The proposed rule stems from President Joe Biden’s August 2023 executive order regarding the access that “countries of concern” have to American dollars that fund advanced technologies, which the U.S. government says would enhance their military, intelligence, surveillance and cyber capabilities. The order identified China, Hong Kong and Macau as countries of concern.
The Biden administration has sought to stymie the development of technologies by China, the world’s second-largest economy, that could give it a military edge or enable it to dominate emerging sectors such as electric vehicles.
In addition to the proposed rule, Democrat Biden has also placed a stiff tariff on Chinese EVs, an issue with political implications as the president and Republican Donald Trump are both trying to show voters who can best stand up to China, a geopolitical rival and major trading partner.
The proposed rule outlines the required information that U.S. citizens and permanent residents must provide when engaging in transactions in this area, as well as what would be considered a violation of the restrictions.
It specifically would prohibit American investors from funding AI systems in China that could be used for weapons targeting, combat and location tracking, among other military applications, according to a senior Treasury official who previewed the rule for reporters on the condition of anonymity.
J. Philip Ludvigson, a partner at King & Spalding and a former Treasury official for Investment Security, said “companies and investors are now getting a much better look at what will be expected of them” under the new outbound investment program. “These added details are particularly important because the private sector will be shouldering the many due diligence and compliance burdens associated with making new investments,” he said.
Craig Allen, president of the U.S.-China Business Council, a nonprofit organization of American firms that do business in China, said his organization “supports the Biden administration’s efforts to protect U.S. national security while also ensuring robust commercial exchange with China for the benefit of American companies, workers and our economy.”
Treasury is seeking comment on the proposal through Aug. 4, 2024, and after that is expected to issue a final rule.
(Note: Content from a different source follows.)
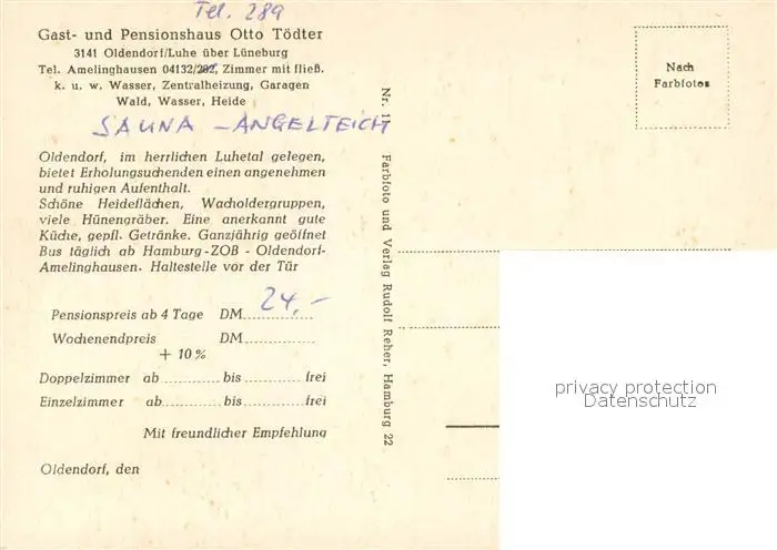 Oldendorf_Luhe Gast und Pensionshaus Otto Toedter Heidelandschaft Park Fluss Oldendorf Luhe postalisch nicht gelaufen 1921-1965 Erhaltung siehe scans [WerneD78] WernPID7

Biden administration officials, including Treasury Secretary Janet Yellen, have insisted that they have no interest in “decoupling” from China — however, tensions between the two nations have increased in recent years.
After the U.S. military in February 2023 shot down a suspected Chinese spy balloon off the Carolina coast after it traversed sensitive military sites across North America, China threatened repercussions.
Since then, incidents between the two nations based on national security concerns have regularly occurred.
For instance, Biden in May issued an order blocking a Chinese-backed cryptocurrency mining firm from owning land near a Wyoming nuclear missile base, calling its proximity to the base a “national security risk.”